Step 4: Test Your Skill
Start a Claude Code session and try a simple prompt:
claude
> Create a POST endpoint for creating blog posts
Claude should now follow your SKILL.md instructions and generate files matching your patterns — not its own defaults.
Step 5: Add Helper Scripts (Optional)
For complex workflows, bundle shell scripts with your skill:
#!/bin/bash
# scripts/validate-endpoint.sh
# Validates that a new endpoint follows project conventions
ROUTE_FILE=$1
if [ ! -f "$ROUTE_FILE" ]; then
echo "Error: Route file not found: $ROUTE_FILE"
exit 1
fi
# Check for async/await pattern
if grep -q "\.then(" "$ROUTE_FILE"; then
echo "Warning: Route file uses .then() instead of async/await"
exit 1
fi
# Check for auth middleware
if ! grep -q "authMiddleware" "$ROUTE_FILE"; then
echo "Warning: Route is missing authMiddleware"
fi
echo "Validation passed: $ROUTE_FILE"
Reference scripts in your SKILL.md so Claude knows when to run them:
## Validation
After generating endpoint files, run:
`bash scripts/validate-endpoint.sh <route-file>`
Step 6: Share Your Skill
The best part of the skills ecosystem is sharing.

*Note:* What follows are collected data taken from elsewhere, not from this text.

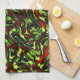 Rustig, grönaktig gult och levande röd kurvor kökshandduk
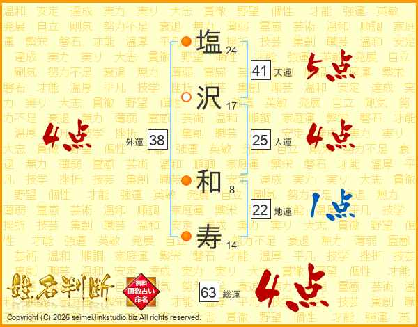 塩(24画)沢(17画) 和(8画)寿(14画)
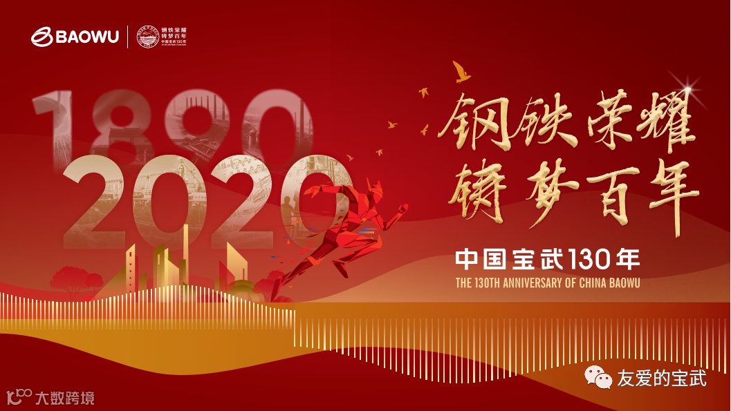 外圈上半部分为此次系列活动的主题词“钢铁荣耀 铸梦百年”。下半部分的“1890”和“2020”代表着中国宝武130年历史的源头和当下,顶端和底端分别是中国宝武的公司标识图案和中文字样。
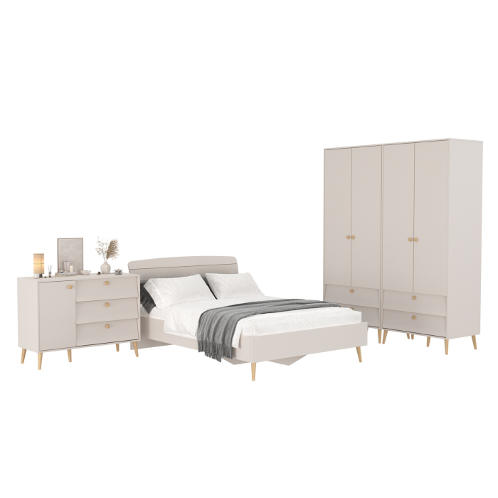 Афина кровать 1400 с комодом и двумя шкафами – стильный и удобный комплект мебели для спальни. Теплый цвет кашемир серый добавляет интерьеру уют и гармонию, прекрасно дополняя современный декор спальни.
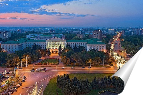 Описание плаката Донской Государственный Технический Университет, Ростов-на-Дону, пл. Гагарина. Справа просматривается проспект Нагибина. Съёмка с 17 этажа жилого дома.
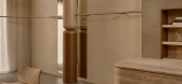 a collection of sculptural and abstract volumes designed by madrid-based architecture firm OHLAB, form a reflective, golden environment of this new relojeria alemana jewelry store. located in port adriano, in the recently opened marina by philippe starck in the southwest of mallorca. the installed p...
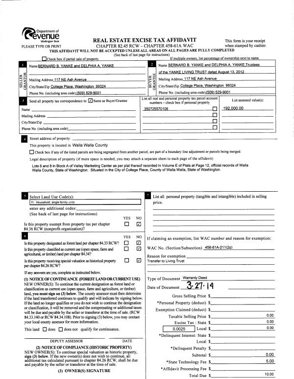 | 5 | 04/11/2014 | WARRANTY D | WARRANTY DEED | YANKE BERNARD B & DELPHIA A | YANKE LIVING TRUST | | | $0.00 | 125709 | 2014-02468 |
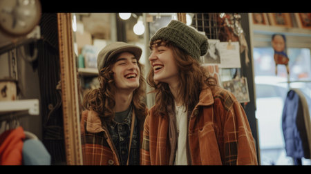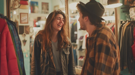 In the crowded city store, under the dim street lights, a man and a woman exchange smiles, creating an artful moment of connection. AIG41
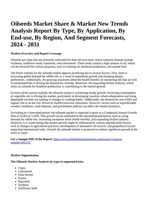 One of the most significant trends is the increased demand for plant-based proteins . As consumers become more health-conscious and environmentally aware, there’s a growing interest in plant-based alternatives to meat and dairy products. This trend is driving demand for oilseeds like soybeans, which are a key ingredient in many plant-based protein products. The rise of veganism and vegetarianism, coupled with concerns about the environmental impact of animal agriculture, is expected to further fuel this demand. Companies are investing heavily in developing new and innovative plant-based products, creating new opportunities for oilseed producers.
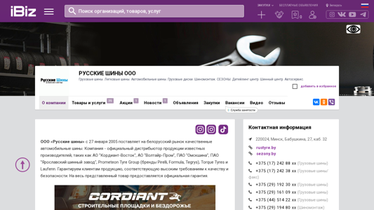 | Название / Заголовок | РУССКИЕ ШИНЫ ООО - Грузовые шины. Легковые шины. Автомобильные шины. Грузовые диски. Шиномонтаж. СЕЗОНЫ: Детейлинг центр. Шинный центр. Автосервис.. 220024, Минск, , Бабушкина, 27, каб. 32 |
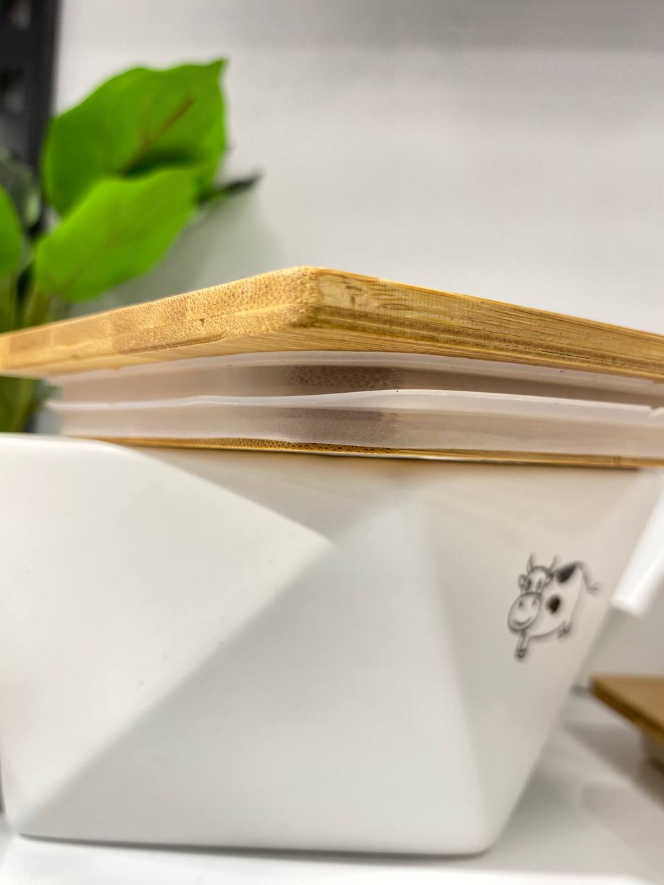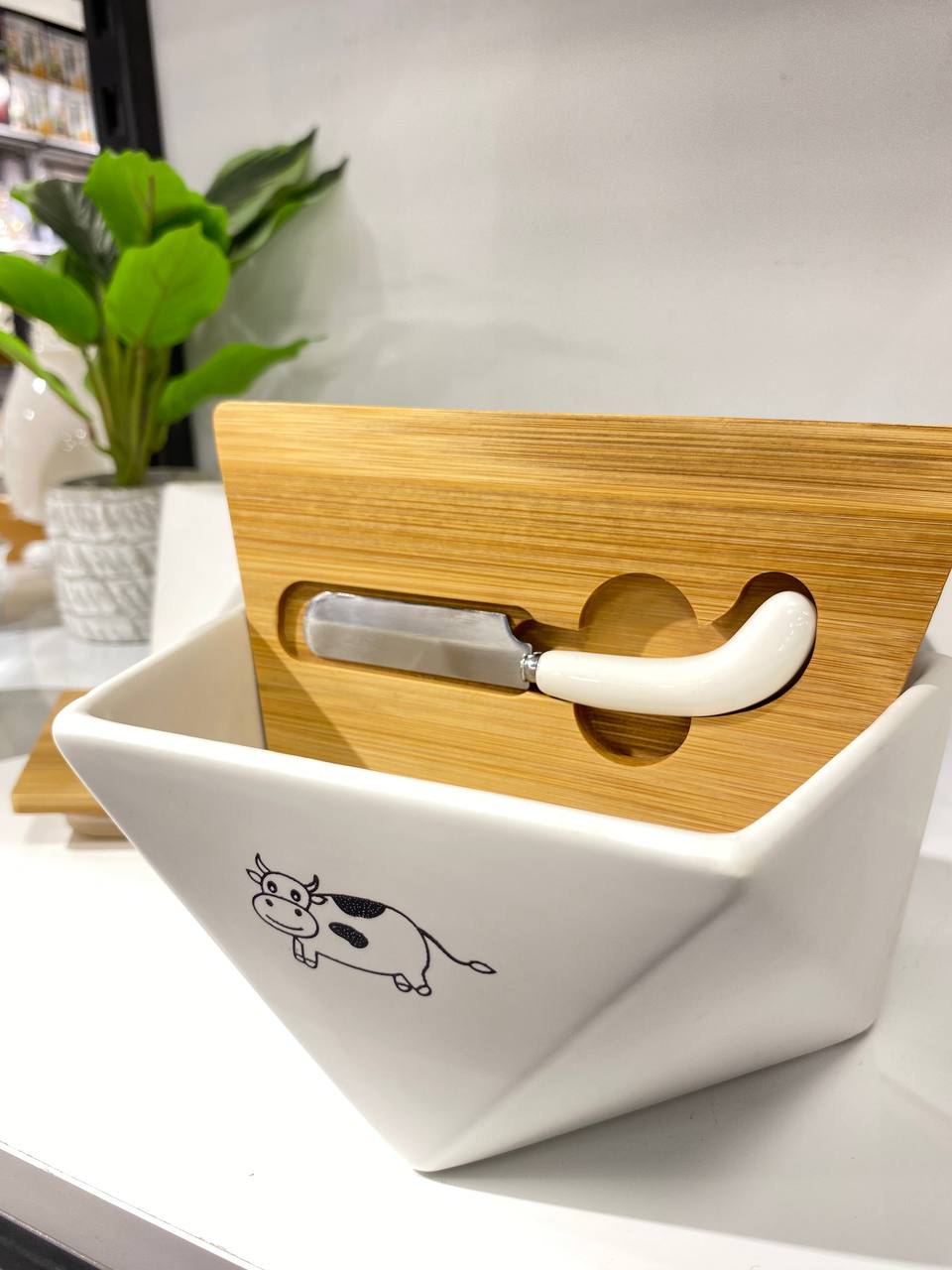 Elevate your kitchen with this hexagonal porcelain butter container, designed for both functionality and style. The airtight seal preserves butter freshness while the charming cow motif adds personality to your countertop. Crafted from substantial, durable porcelain and paired with a refined wooden lid, this piece combines practicality with aesthetic appeal. Includes a dedicated butter spreader for seamless serving. A sophisticated addition for those who appreciate quality kitchenware that doesn
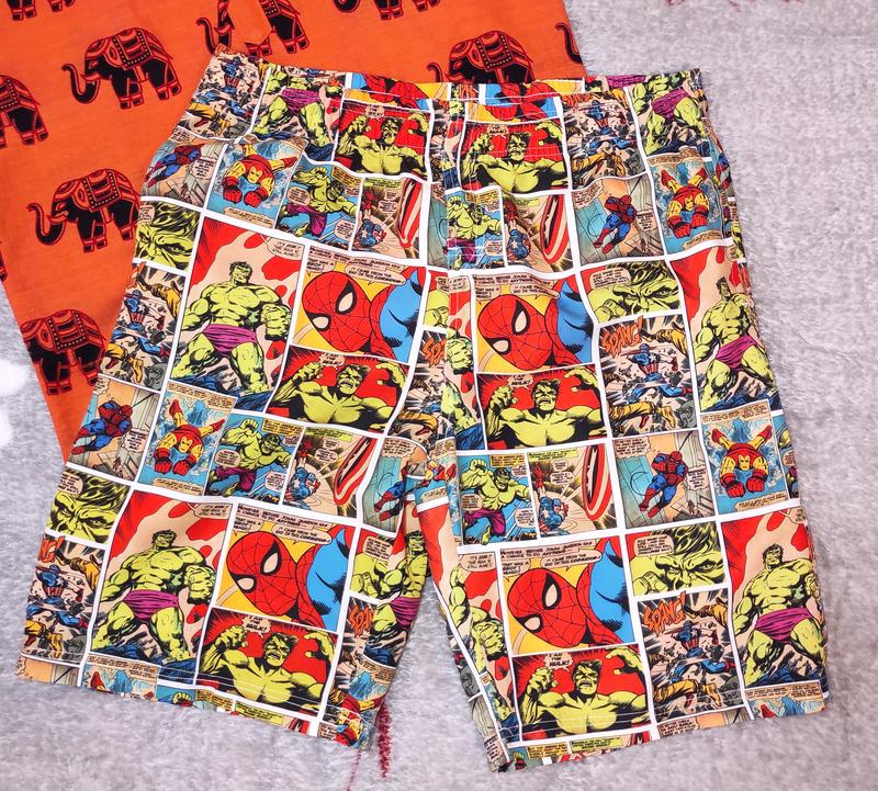 Мужские яркие пляжные длинные шорты с принтом р.52 marvel плавки купальные
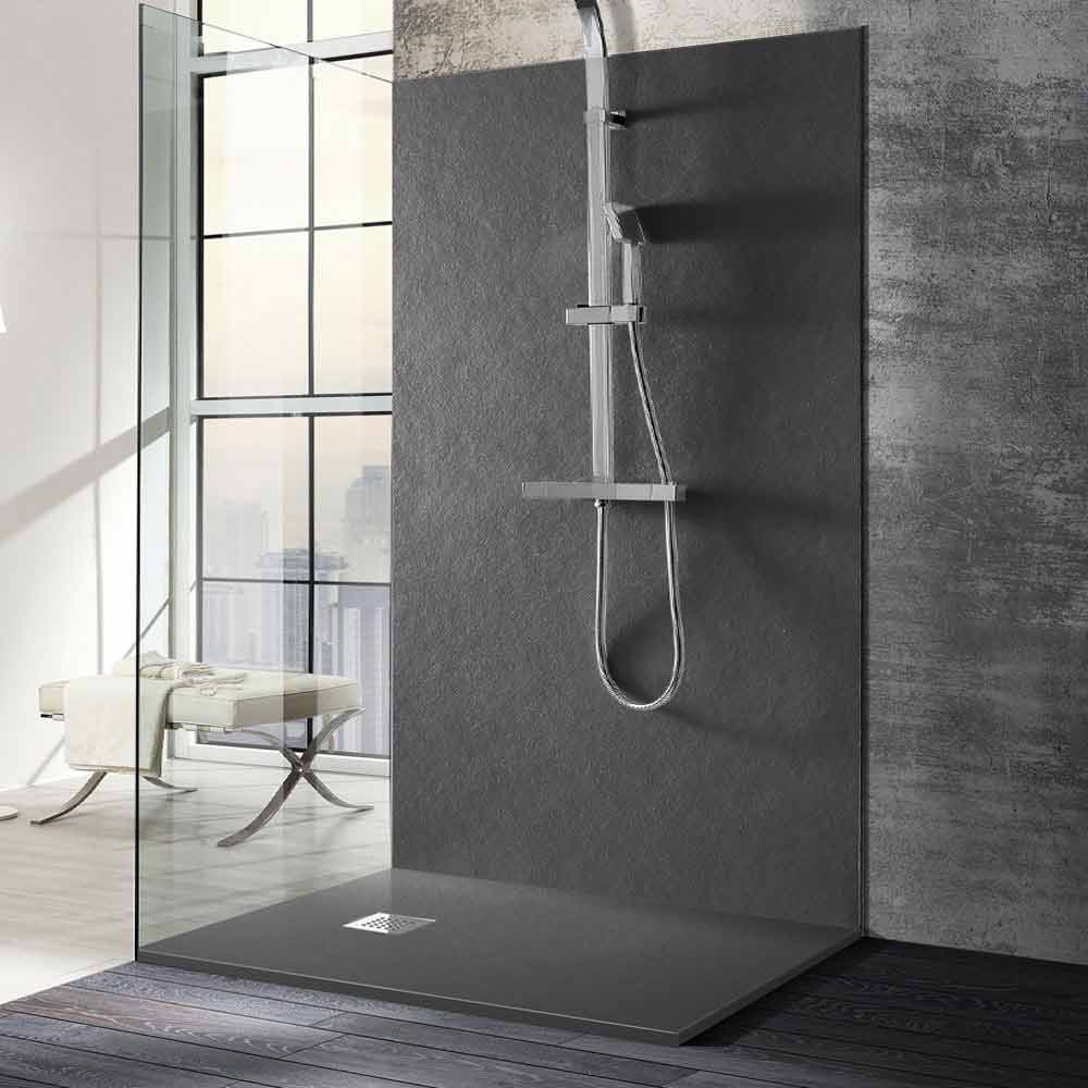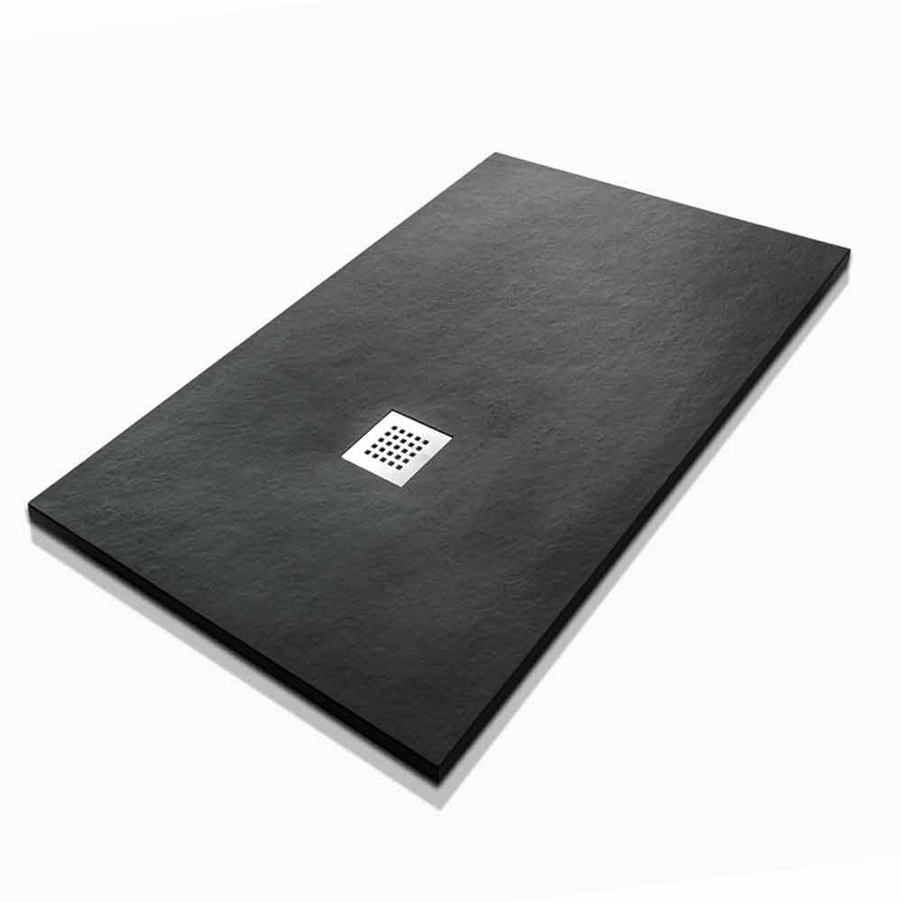Moderne Duschwanne 140x80 aus Harz mit Stein- und Stahleffekt.
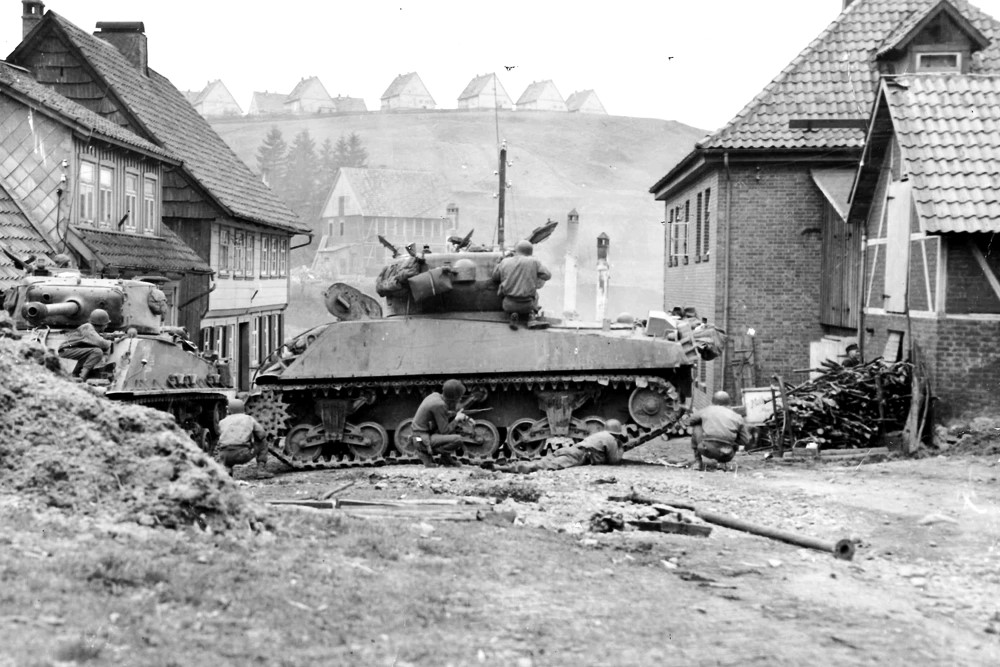 Unterdessen kämpft sich die amerikanische Infanterie weiter durch die deutschen Städte. Wo Ihnen noch militärischer Widerstand entgegenschlägt, wird er gebrochen.

To publish your skill:
- Create a public GitHub repository
- Push your skill directory as the repo root
- Share the URL — anyone can clone it and install locally
git clone https://github.com/yourname/api-endpoint-generator.git
cp -r api-endpoint-generator ~/.claude/skills/
Best Practices
| Practice | Why It Matters |
|---|---|
| Keep instructions specific and unambiguous | Vague instructions lead to inconsistent outputs |
| Include real code examples | Examples are more effective than descriptions |
| Version your skills | Use git tags so teams stay in sync |
| One skill, one job | Composable skills beat monolithic ones |
| Test before sharing | Run the skill through 5-10 different prompts |
What Is Next?
The Agent Skills ecosystem is still early. As more developers contribute, expect skills for everything from database migrations to accessibility audits. The key takeaway: stop repeating yourself to AI. Encode your knowledge once, and reuse it forever.
Start small — one skill, one task. Once you feel the productivity boost, you will never go back to prompting from scratch.